[AVAILABLE DATA]

'''

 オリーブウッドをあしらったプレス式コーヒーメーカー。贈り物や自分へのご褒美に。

'''
'''

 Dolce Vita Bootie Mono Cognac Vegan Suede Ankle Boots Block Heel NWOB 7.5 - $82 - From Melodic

'''
'''

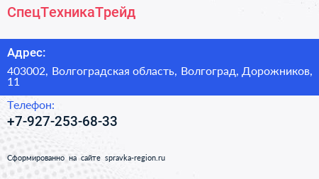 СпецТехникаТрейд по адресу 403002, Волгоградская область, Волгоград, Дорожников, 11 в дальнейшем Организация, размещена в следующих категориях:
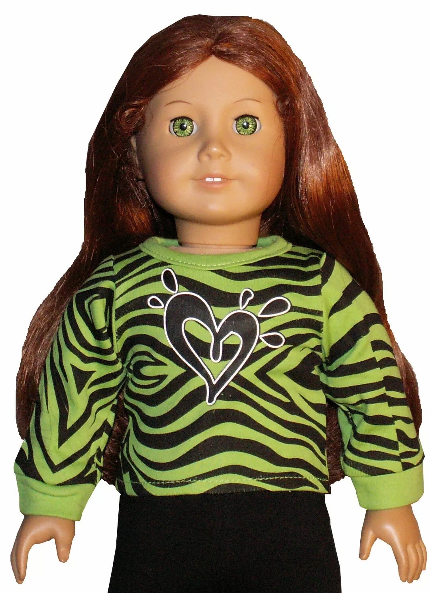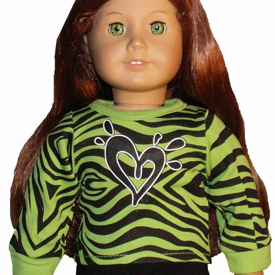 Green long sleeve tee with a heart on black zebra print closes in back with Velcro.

'''

[WHAT NEEDS TO BE DONE] Excluding any pictures, print exactly the lines of the listing above from the line with "СпецТехникаТрейд по адресу" to the line with "Green long sleeve", both ends included.

[TASK OUTPUT]
 СпецТехникаТрейд по адресу 403002, Волгоградская область, Волгоград, Дорожников, 11 в дальнейшем Организация, размещена в следующих категориях:
 Green long sleeve tee with a heart on black zebra print closes in back with Velcro.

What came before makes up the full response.